Here's where I begin my thankful list, the 1,000 gifts:
1. I thank God for my sweet little girl who has taught me so much in more ways than one.


  1. I apologize for the spacing. I can't seem to be able to keep the blog from spacing out my paragraphs way too far from each other. Any suggestions how to correct that?

  2. I have no idea how to help you with the spacing stuff. I've been blogging for 2 years and can barely figure out the basic stuff.

    I hadn't heard anything controversial about her book yet. I'll probably get around to reading that book soon. I like the idea :)

    Love your review of the book so far! You are a great writer.

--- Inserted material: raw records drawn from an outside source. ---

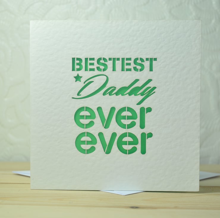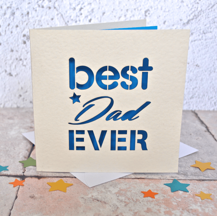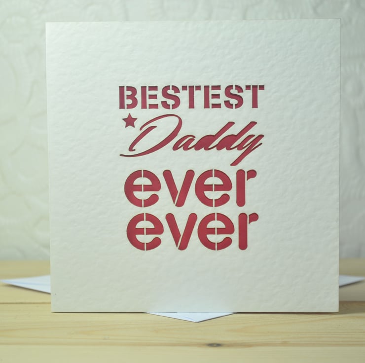 This laser cut 'Best Dady Ever' card comes complete with elegant script text and a little star to complete the card.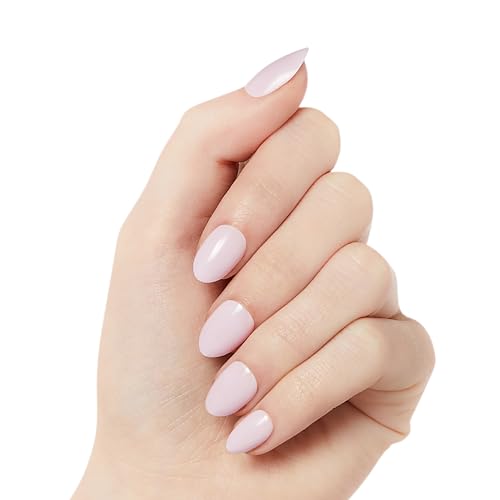 KISS - أظافر تركيب عن طريق الضغط جل فانتاسي مع صمغ للأظافر بنمط "بيور لوف" ولون وردي فاتح، مقاس قصير، شكل لوزي، تشمل 28 ظفرًا وصمغ 2 جرام وستيك مانيكير واحدة ومبرد صغير واحد من كيس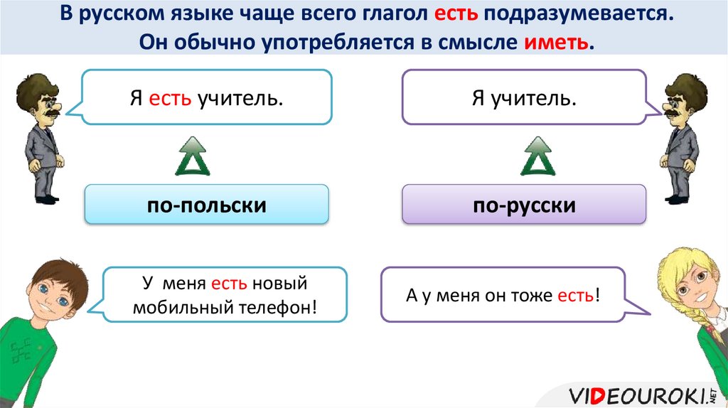 В русском языке чаще всего глагол есть подразумевается.Он обычно употребляется в смысле иметь.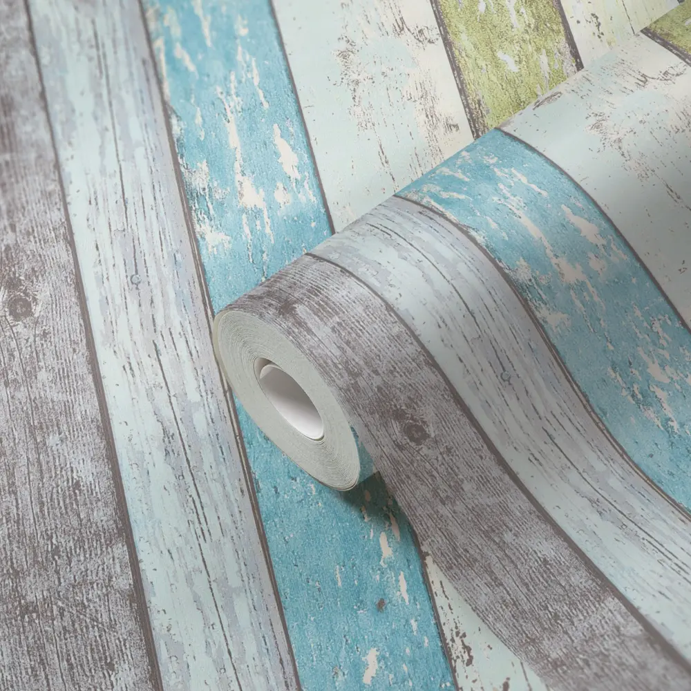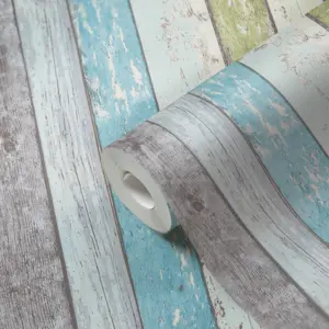 A.S. Création Vinyltapete 855077 – Holzoptik in Blau-Grün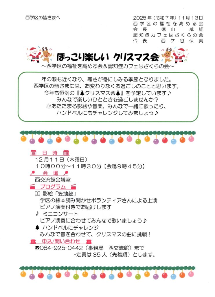 🎄ほっこり楽しいクリスマス会🎄のご案内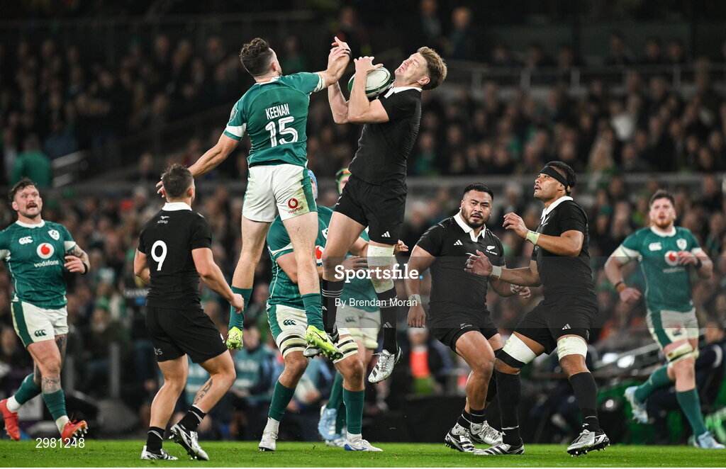 8 November 2024; Jordie Barrett of New Zealand and Hugo Keenan of Ireland contest a high ball during the Autumn Nations Series match between Ireland and New Zealand at the Aviva Stadium in Dublin. Photo by Brendan Moran/Sportsfile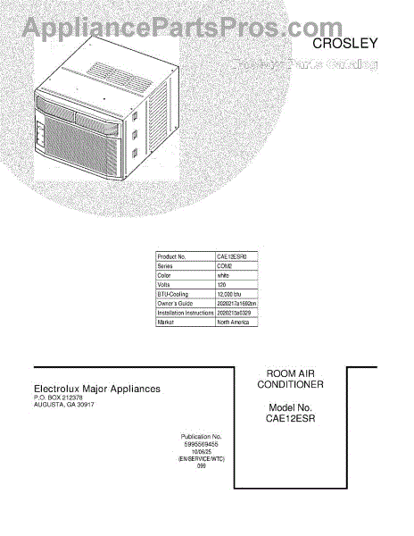 Parts for Frigidaire CAE12ESR0: 01 - Cover Parts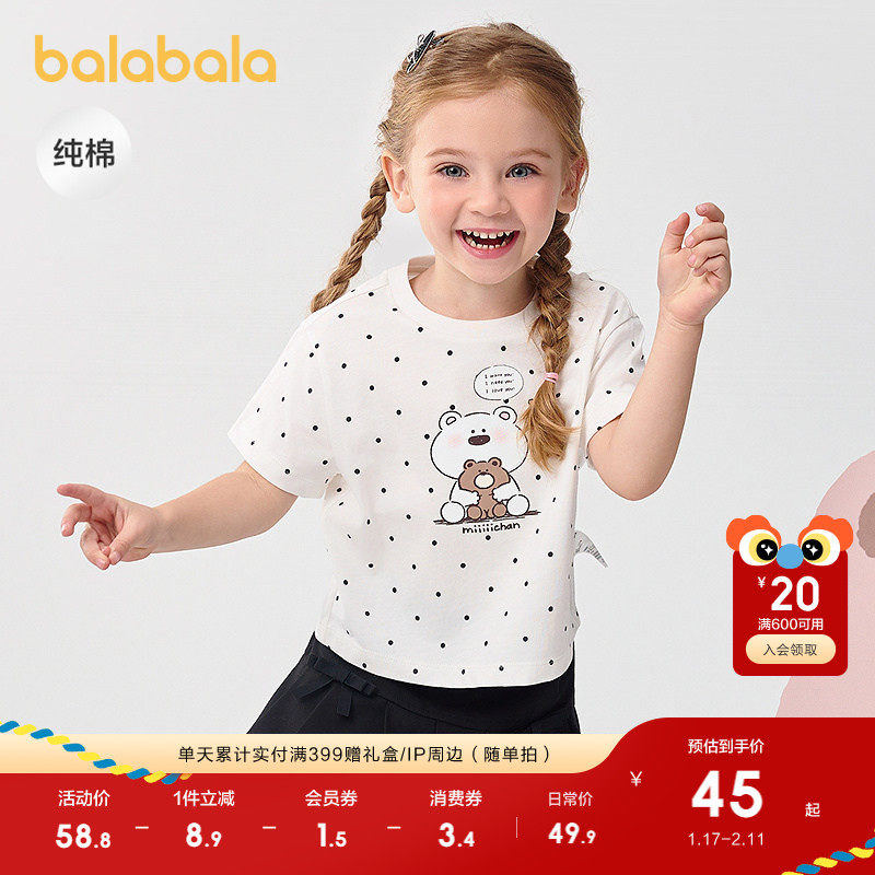 巴拉巴拉童装宝宝短袖女童t恤儿童上衣纯棉2025新款夏装可爱小熊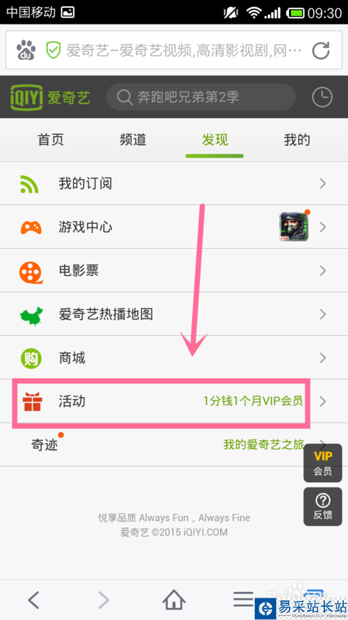 2、進入手機百度瀏覽器主頁-點擊愛奇藝窗口-再點擊發現-點擊下面的活動,這時你就能發現愛奇藝的會員贈送了(我這幅圖的這期活動是要花一分的,有時候是不用的)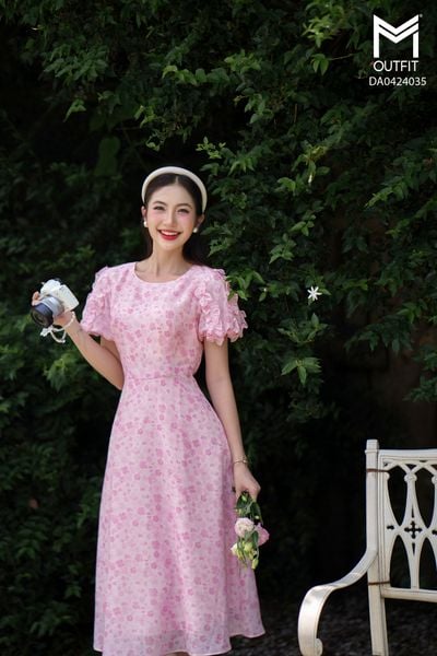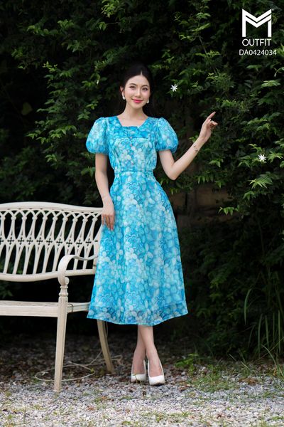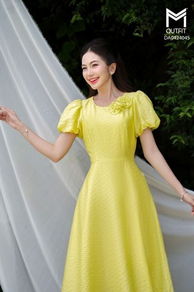 Đầm xòe cổ xếp nếp to tay lồng đèn
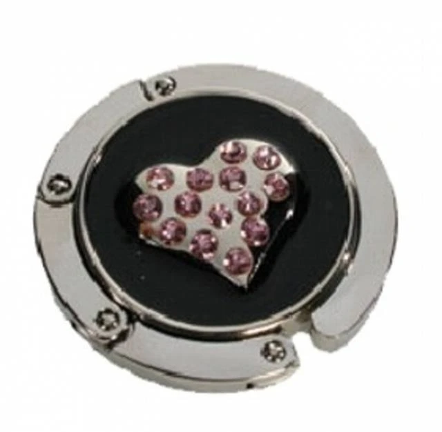Ein kleines silbernes Herz mit Rosanen Steinchen zierht diesen praktischen Handtaschenhalter.

  3. It's been so fun to process this book with you...Becks...borrow it next and maybe you'll be walking by then and the three of us can go for a walk/talk together. :)

    I like your spacing.

    It's very Voskamp-ish...

  4. Thanks for the encouragement. I kept trying to close the gaps between the paragraphs..but everytime I'd go back to viewing the post (after saving the changes), the spacing would be the same as before.
    Becks, I'll definitely pass it along. I'm heading up soon to read on. Kara tells me the more controversial parts are still to come...

  5. I think I just figured out what I was doing wrong. I still can't figure out how to bring the posts closer to the heading at the top of the page, though.

  6. Thank you God for my sweat and dandruff...

  7. Oh Brielle:-) Our lives would all be less rich without her in them, I must say.

  8. I heartily agree! She's a keeper!!! Thanks for checking us out, Meg.